CONCLUSION
Les événements du 11 septembre 2001 appellent évidemment d'innombrables analyses, dont beaucoup restent encore à venir. Il en est une qui paraît incontestable : l'urgence qu'il y a, fût-ce, égoïstement, pour préserver la sécurité des démocraties développées, à tenir compte de l'appel des pays pauvres.
Dans ce contexte, qui n'est pas nouveau, l'aide française paraît doublement s'égarer.
D'aucuns diront que la diminution globale de notre effort -moins 10 % depuis 1996- se justifie par les contraintes de la rigueur budgétaire, les ukases européens en la matière -l'Europe, déjà-, et la nécessité de répondre en priorité à nos propres besoins sociaux. Peut-être.
Mais le choix même des moyens au sein de cette enveloppe en peau de chagrin paraît désastreux.

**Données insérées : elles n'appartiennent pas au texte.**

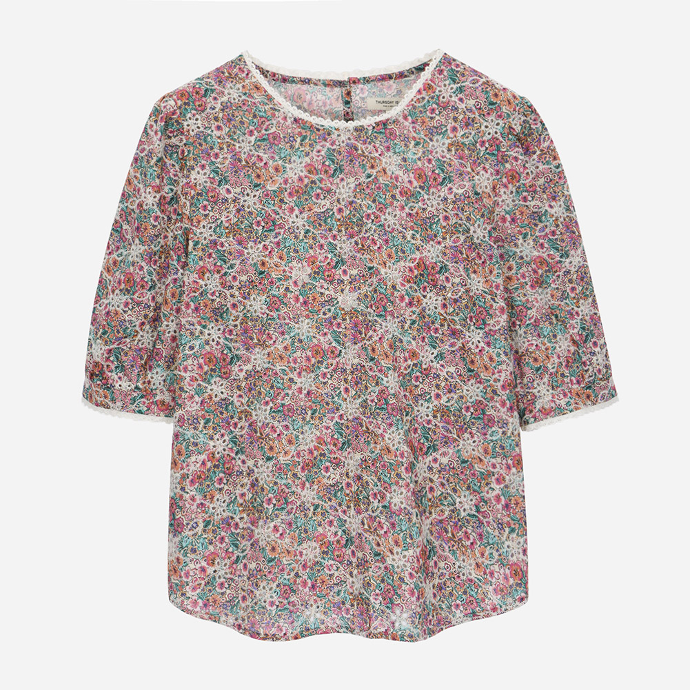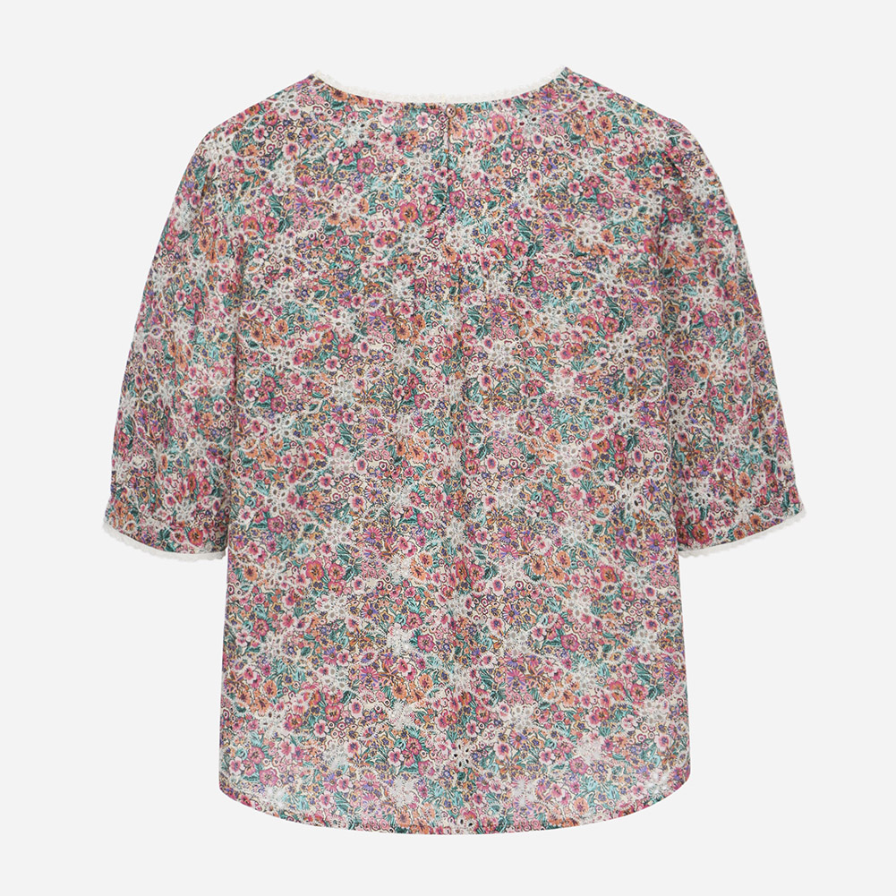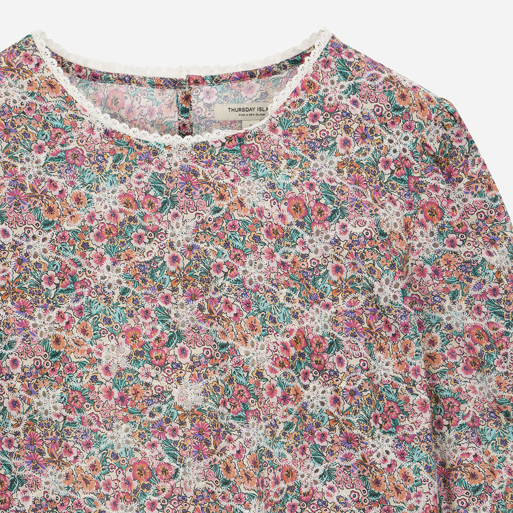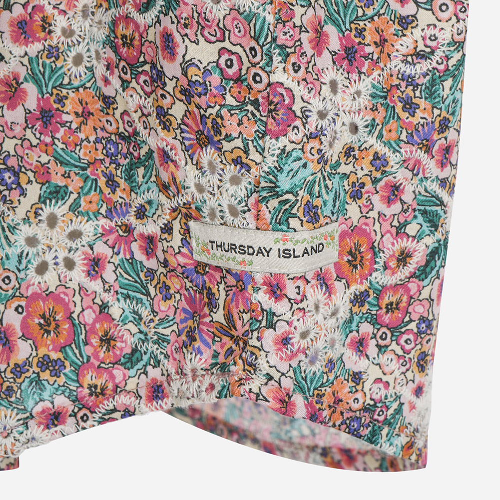 로맨틱한 모티브의 플라워 패턴과 자수 기법이 더해진 원단에 넥과 소매끝에 레이스가 어우러져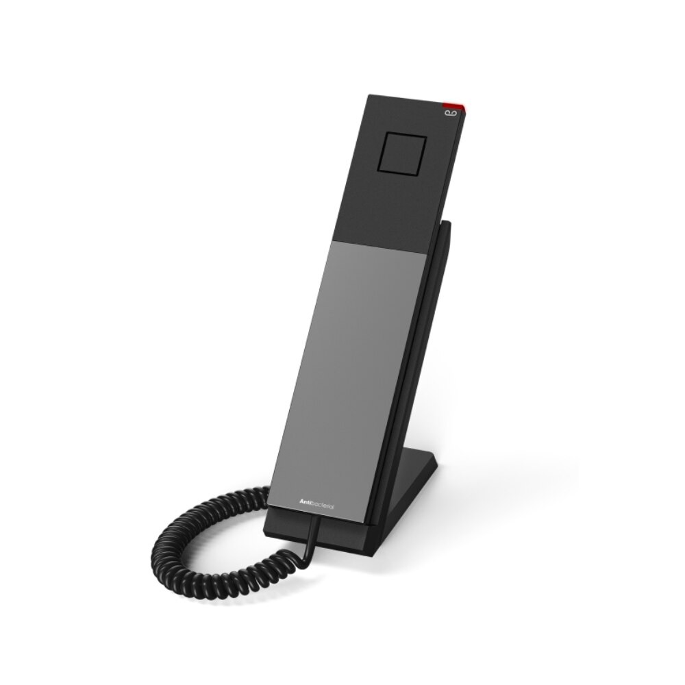 The Snom HD300A is a cleverly designed, corded analogue telephone that has been specially developed for the requirements of the hotel and accommodation sector. It not only impresses with its elegant design, but also with its high level of functionality and user-friendliness. A particular highlight is the antibacterial housing, which offers effective protection against germs and therefore fulfils the high hygiene requirements of everyday hotel life. The phone's highly visible LED ensures that guests are easily alerted to incoming calls or waiting messages, which significantly increases the comfort and satisfaction of your guests.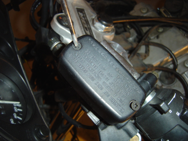 Une fois le flanc déposé ouvrir le couvercle du réservoir du liquide d'embrayage (je vous conseille de ne pas le faire avant car pendant la dépose du flanc de carénage vous risquez de voir du liquide sortir du réservoir suite à un mauvais geste et comme le produit est corrosif, attention à la peinture de votre monture)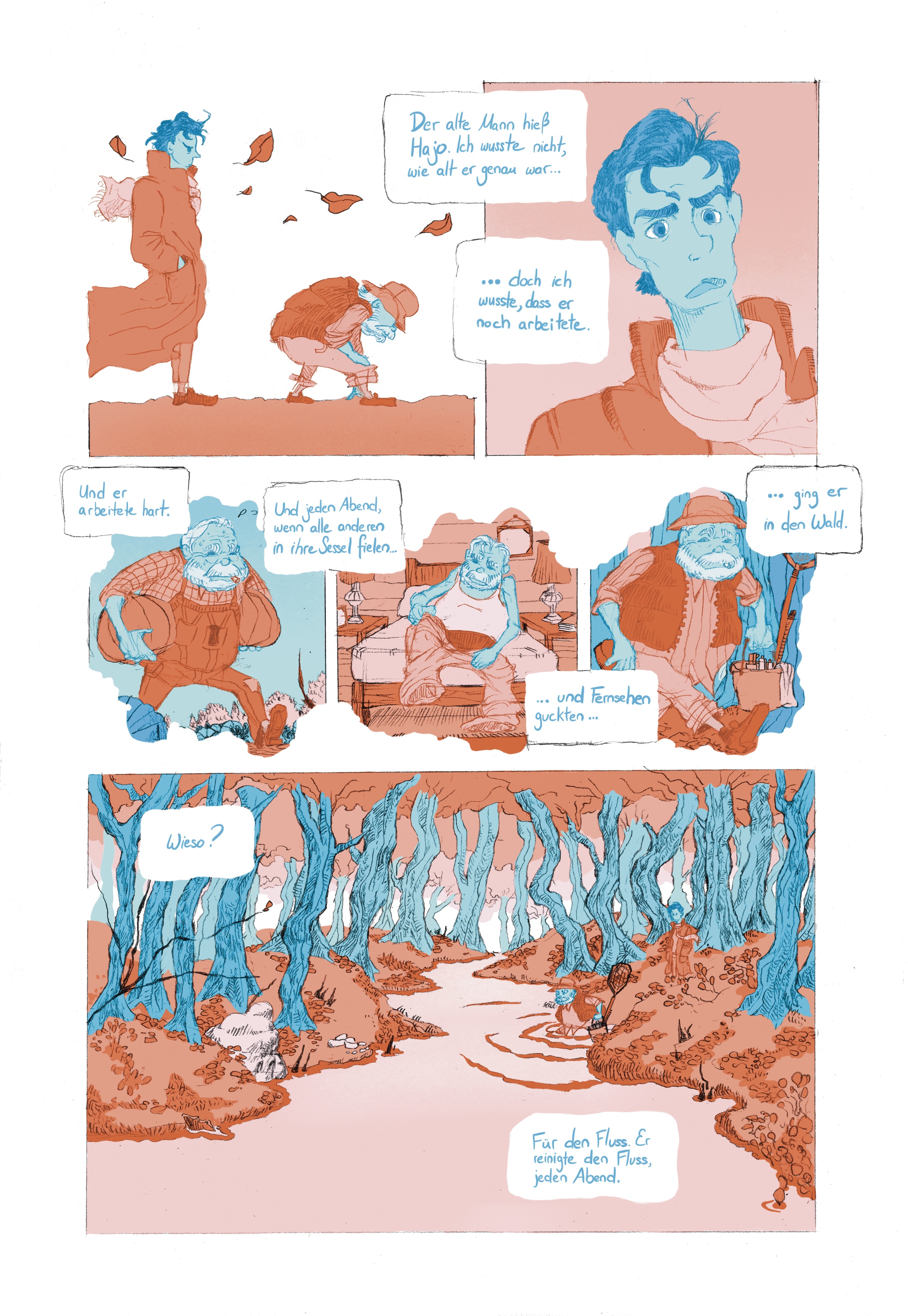 The (almost) true story, how I met an old man, who would clean up rivers as a hobby. Our topic was environmentalism, which inspired me to tell this small story, induced with a little magical realism in style of Studio Ghibli’s famous works.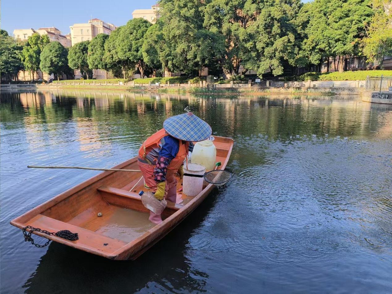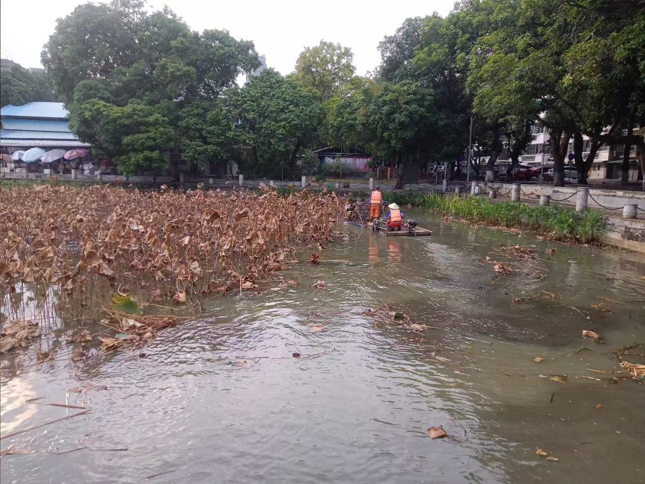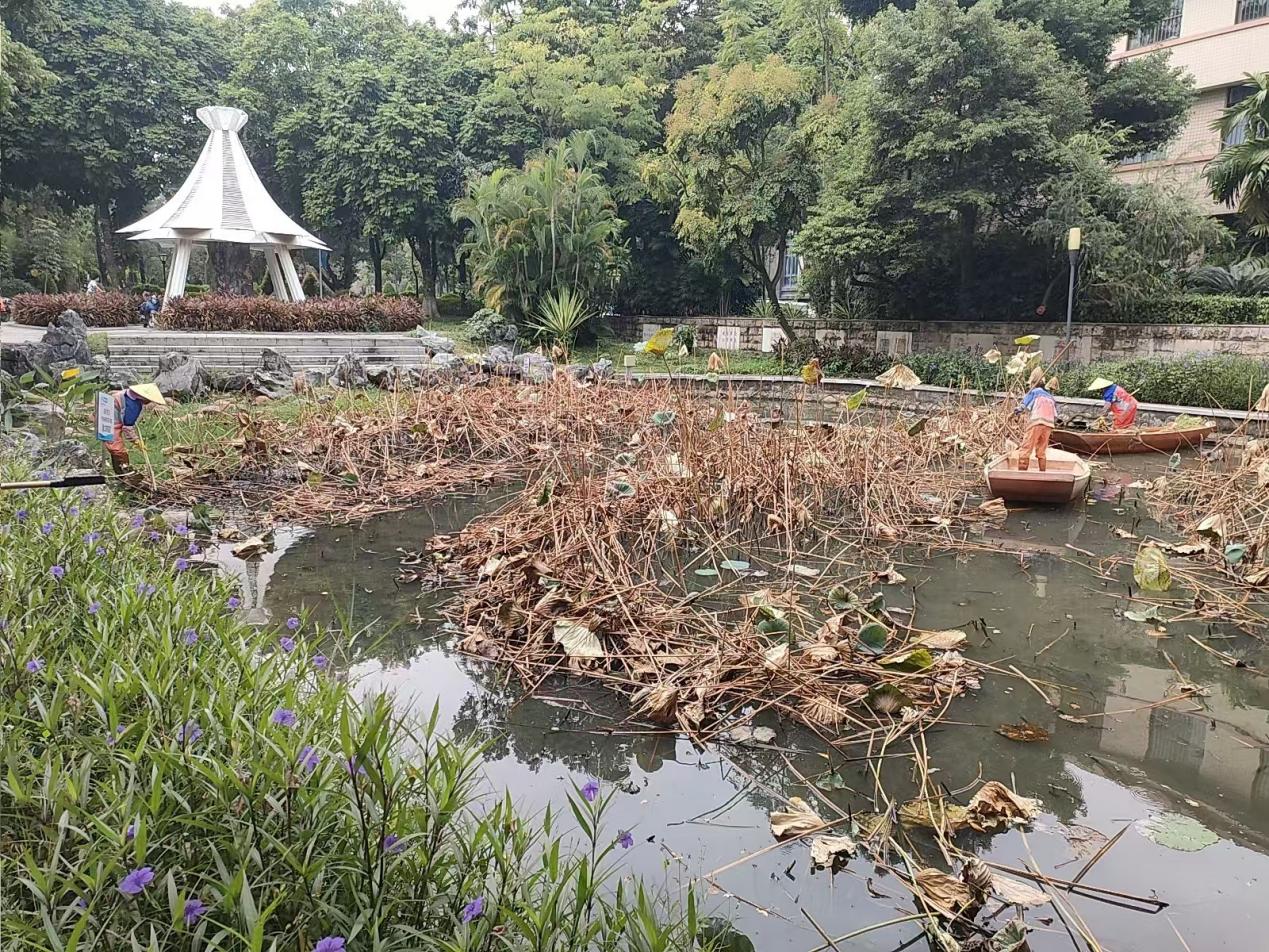 湖泊运维员每日进行湖面保洁、湖面油膜垃圾清理,保持水面干净整洁;大碧云湖、爱莲湖、秋实湖枯萎荷叶收割及沉底枯萎荷叶打捞清理;鉴湖、镜湖补种水草;爱莲湖西北角、秋实湖东岸美人蕉修剪,绿榕湖西岸菖蒲修剪;大碧云湖、小碧云湖继续打捞清理附在水草的青苔;鉴湖治理福寿螺后进行水质调理,去除水体异味;巡查各湖水位情况,大碧云湖水位低于正常水位,适当抽调蓄池水进行补充;劝学岛水池补水。

Le choix européen d'abord : s'en remettre toujours plus à l'Europe, en confiant désormais le quart de notre effort en la matière à un canal communautaire totalement bouché dans le sens du retour, constitue la pire option politique et économique.
Erreur politique, parce que la régression de l'aide bilatérale au profit d'une aide multilatérale « apatride » sert manifestement, à notre détriment, la volonté politique de certains de nos partenaires qui combattent sournoisement notre action avec notre argent. La position des « elit donnors » -le britannique et les nordiques- est à cet égard révélatrice : il faut faire définitivement disparaître les « chasses gardées », et la France est la première visée du fait de l'ampleur de son « champ » traditionnel.
Il ne s'agit pas là d'une simple réaction cocardière, ou d'une animosité particulière à l'égard de l'Europe.
Car l'option économique est tout aussi mauvaise. Les lourdeurs administratives et réglementaires des processus bruxellois, le cloisonnement des administrations, l'absence de direction politique font qu'aujourd'hui les fonds communautaires sont enlisés. Fin 2000, il restait encore près de 60 milliards de francs (9 milliards d'euros) à décaisser pour les seuls fonds du FED, soit trois fois le montant annuel de l'aide bilatérale française. Et on ignore le taux réel de décaissement de l'aide financée sur le budget communautaire, soit près de 7 milliards de francs (moins de 1 milliard d'euros).
A moins qu'il ne s'agisse, en définitive, d'une forme de cynisme gouvernemental : on peut bien faire semblant de donner davantage à l'aide au développement en augmentant la contribution européenne, puisque toutes ces dépenses ne seront que virtuelles.
La prépondérance croissante donnée au culturel ensuite : le vieil antagonisme entre les « cultureux » du Quai d'Orsay et les « va-nu-pieds » de la rue Monsieur s'est résolu à l'avantage des premiers. La seule analyse de l'évolution des crédits budgétaires depuis la fusion des deux ministères démontre que, progressivement, les crédits d'action culturelle, artistique et audiovisuelle prennent le pas, à chaque arbitrage budgétaire, sur les crédits de coopération au développement. Là encore, il ne s'agit pas de renier l'importance de la présence de la culture française dans le monde. Mais les affamés et les malades n'ont que faire des nourritures de l'esprit, fussent-elles d'excellence.
En réalité, la rue Monsieur n'a pas fusionné avec le Quai d'Orsay : elle y a été dissoute.
Le retrait de la coopération militaire enfin. Dans un contexte qui nécessite à l'évidence un effort accru en matière de sécurité intérieure et extérieure des états, de surveillance du territoire et de renseignement, le recul constant de nos moyens de coopération militaire en général, et sur le sous-continent africain en particulier, spécifiquement fragile et vulnérable, paraît aller en sens inverse de la politique que nous pourrions mener, précisément parce que nous y avions, patiemment, forgé des habitudes et ancré des positions.
La France risque, à ce rythme, de ruiner des décennies d'efforts et de rentrer peu à peu dans le rang des pays banalisés et sans influence.